Trasferire 30 microlitri dal campione al tubo da 29mer e aggiungere 94 microlitri di mix di stop contenenti proteinasi K e glicogeno. Analizzare i prodotti di reazione su un gel di poliacrilammide denaturante. In primo luogo, generare complessi di allungamento lavati contenenti 23mers scalando di 13 volte la procedura precedentemente descritta per ottenere 390 microlitri per 12 reazioni e un extra.
Per eseguire la fosforilazione della TCD della polimerasi II, rimuovere il supernatante dopo aver posizionato il campione nel rack magnetico e rimescolare le perline in 377 microlitri di BTB. Etichettare due nuovi tubi più H e meno H.To più H, aggiungere tre microlitri del fattore di iniziazione alla trascrizione TFIIH alla concentrazione di 300 nanogrammi per microlitro, e a meno H, aggiungere nove microlitri di buffer di stoccaggio e diluizione. Aggiungere 87 microlitri dei complessi di allungamento lavati al tubo più H e 261 microlitri al tubo meno H.
Incubare i tubi per 10 minuti e lavare con tampone di lavaggio. Per eseguire la tappatura dell'RNA, aggiungere 87 microlitri di miscela di tappatura al tubo H più e 261 microlitri al tubo H meno per rimorsi. Etichettare quattro nuovi tubi, cinque più H, cinque meno H, 15 meno H e 45 meno H, e distribuire tre microlitri di cinque, 15 o 45 nanogrammi per microlitri che capping enzima nei tubi corrispondenti.

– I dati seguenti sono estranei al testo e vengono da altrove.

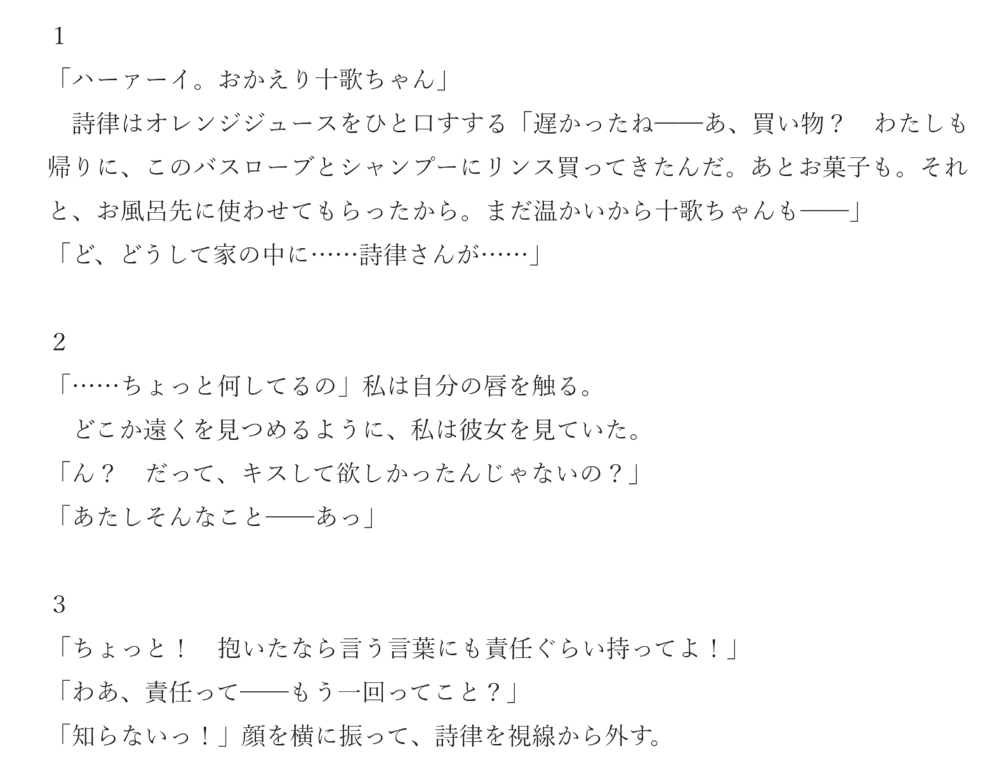 追伸、二月中には新作の百合小説やります。五万文字以上の内容にはなる予定で、かなり気合いを入れた作品となってます。

Quindi, preparare 12 nuovi tubi con 94 microlitri di tampone di arresto. Inizia la prima reazione di tappatura aggiungendo 87 microlitri di complesso di allungamento trattati con TFIIH al tubo etichettato cinque più H.Incubate a 30 gradi Celsius in un blocco termico. Le reazioni di tappatura devono essere cronometrate con precisione utilizzando un cronometro.
Quando si lavora con più reazioni, gli orari di inizio per ogni reazione devono essere scaglionato. Dopo uno, due o quattro minuti, trasferire 30 microlitri della miscela di reazione cinque plus a tubi etichettati uno, due e tre contenenti 94 microlitri di tampone di arresto per fermare le reazioni. Procedere con reazioni di tappatura per i campioni nei restanti tubi meno H esattamente allo stesso modo, utilizzando complessi di allungamento trattati senza TFIIH.

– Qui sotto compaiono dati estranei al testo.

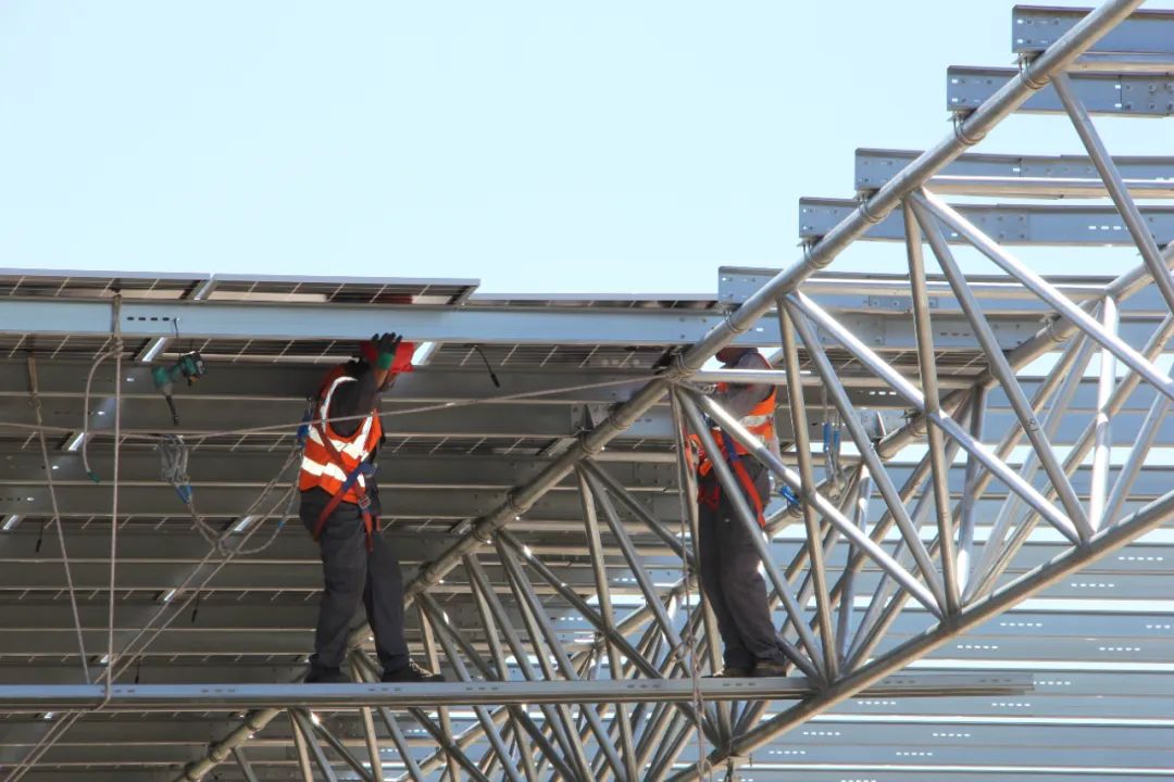 项目中桁架结构最大跨度达到34.7米,这一创新设计不仅提升了整体结构的稳定性,更在视觉效果上达到了极致。大跨度的桁架结构让光伏电站呈现出一种独特的艺术美感,与周围的环境和谐相融。不仅减少了结构立柱的数量,还使得光伏电站更加轻便、美观,成为城市中的一道亮丽风景线。

Analizzare i prodotti di reazione su un gel di poliacrilammide denaturante. Un diagramma è mostrato qui per le molecole di DNA e RNA nei complessi di allungamento artificiale. Usando l'oligo di RNA sintetico di 20 nucleotidi come primer RNA durante l'assemblaggio dei complessi di allungamento artificiale, i nucleotidi sono stati aggiunti durante ogni passo sequenziale del protocollo per generare un 23mero, un 25mero e un 29mero.
Sono state confrontate le reazioni che utilizzano RNA polimerasi II da diverse fonti. I complessi di allungamento artificiale sono stati assemblati con polimerasi II endogena di tipo selvatico purificata dal fegato di ratto o dal lievito di fissione e hanno camminato per generare 23mers o 25mers. Un saggio è stato eseguito per misurare la tappatura di trascrizioni radioetiche associate a complessi di allungamento artificiali contenenti 23 trascrizioni nucleotidiche con un'estremità trifosfato a cinque primi.

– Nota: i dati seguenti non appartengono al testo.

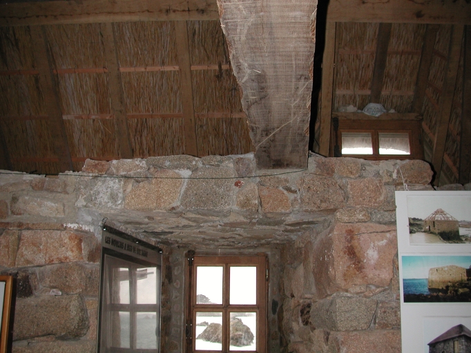 Vue de la maçonnerie intérieure et de la charpente : reconstitution des arasements en partie haute par les services techniques de la commune, en 1990Immatriculation
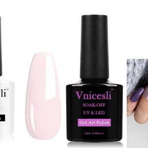 Transparent Nude Pink Gel Nail Polish & 3D Glitter Silver Line Art Gel Nail Art
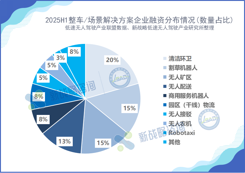 從融資領域來看,國內35家整車/場景解決方案企業獲得融資超95億元,其中清潔環衛領域的企業占比最高,共8家企業融資近12億元。這些企業將利用最新融資,加大技術研發投入,并在全國各地政府支持下大范圍推廣無人駕駛清潔設備的投用。

Le ultime due corsie mostrano i prodotti delle reazioni in cui i complessi di allungamento sono stati incubati con o senza enzima di tappatura in presenza di TFIIH. Le bande di migrazione più lentamente e più rapidamente contengono rispettivamente trascrizioni con punta e non concatena. Le prime 12 corsie mostrano la capping di trascrizioni associate a complessi di allungamento con un CTD fosforilato o non fosforilato.
Le attività della polimerasi II e di altri enzimi possono variare da preparazione a preparazione, quindi è necessario ottimizzare le condizioni di reazione titrating concentrazioni enzimatiche per definire livelli ottimali. È importante usare materiale radioattivo in modo sicuro ed evitare contaminazioni. Assicurati di seguire le linee guida del tuo laboratorio e dell'istituto quando fai esperimenti con la radioattività.